# Pregunta, sobre eliminador de corriente.



## glenn125 (Jun 22, 2009)

Saludos, la verdad mi conocimiento en electrónica es muy básico, y tengo el siguiente problema:

El eliminador de corriente de mi router, 2wire 2400HG, no funciona, y tiene las siguientes especificaciones:
Input: 100- 120Vc.a. 50/60Hz 0, 15A
Output: 5.1V --- DC 2A

Por el momento lo tengo trabajando con un eliminador con un output de 6V--- 800mA, sin embargo, cuando el trafico de la red es muy pesado, el router se reinicia, e buscado por toda la ciudad el mentado eliminador pero nadie tiene con esas especificaciones.

Ahora a mi se me otorgo un dato, donde supuestamente si lo tengo trabajando con 6v, en lugar de requerir 2A necesito menor amperaje, aunque según yo, la ley de ohm dice que, a mayor voltaje mayor amperaje.

Si el dato fuera cierto, o yo estoy razonando mal la ley de ohm, u otras razones, mi pregunta es, si lo pongo a trabajar con 6v, cuanto amperaje necesito, para que trabaje óptimo, como lo hacia con 5.1v y 2A.

Gracias.


----------



## Tacatomon (Jun 22, 2009)

Para 6 Volts DC, Vas a necesitar los Mismos 2A.

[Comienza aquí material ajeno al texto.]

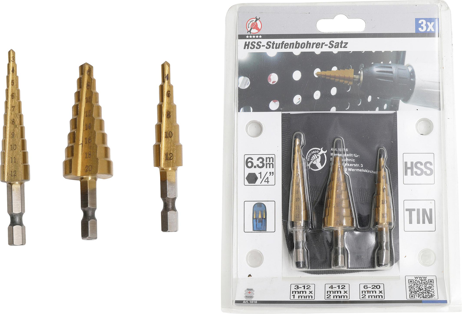 HSS step drill, size 1: 3 – 12 mm, 1 mm stepsHSS step drill, size 2: 6 – 20 mm, 2 mm stepsHSS step drill, size 3: 4 – 12 mm, 2 mm steps
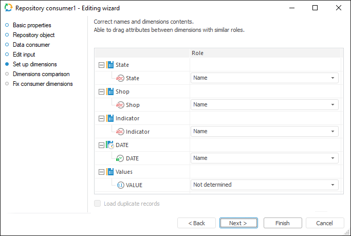 To link dimension with existing dictionary, select dictionary in the drop-down list next to required dimension. The following items are available for selection:

Por que 2A, por los picos de alimentación, trafico de red, etc.

Saludos.

PD: Eliminador De 6VCD 2A.


----------



## analfabeta (Jun 22, 2009)

Pues tienes dos opciones para salir fácil del apuro, agarras cualquier eliminador de 9 o 12V y le pones a la salida un 7805 con su disipador y listo, o bien, busca alg{un eliminador de 5V 2A, no necesariamente tiene que ser el del router, posiblemente te sirva alguno para cargar celulares


----------



## glenn125 (Jun 22, 2009)

analfabeta dijo:
			
		

> Pues tienes dos opciones para salir fácil del apuro, agarras cualquier eliminador de 9 o 12V y le pones a la salida un 7805 con su disipador y listo, o bien, busca alg{un eliminador de 5V 2A, no necesariamente tiene que ser el del router, posiblemente te sirva alguno para cargar celulares



Si de echo si tengo de celular, el problema es la conexion, no es la misma que la del celular


----------



## glenn125 (Jun 22, 2009)

tacatomon dijo:
			
		

> Para 6 Volts DC, Vas a necesitar los Mismos 2A.
> 
> Por que 2A, por los picos de alimentación, trafico de red, etc.
> 
> ...



Oye y una pregunta, yo acudí a un steren, y me dijeron que no me recomendaban 6v con los mismo 2A por que podría quemar el aparato, que tanto de cierto hay en eso?


----------



## analfabeta (Jun 22, 2009)

si el eliminador del celular es de 5V y 2A y no lo utilizas, córta el conector y ponle el del eliminador del router, solo ten cuidado con la polaridad


----------



## Tacatomon (Jun 22, 2009)

Puedes usar el de 6VCD, realmente el moden tolera un poco el sobre voltaje. Pero si consigues el de 5V 2A mejor.

Si se trata de opciones disponibles, usa el de 6VCD 2A.

Saludos.


----------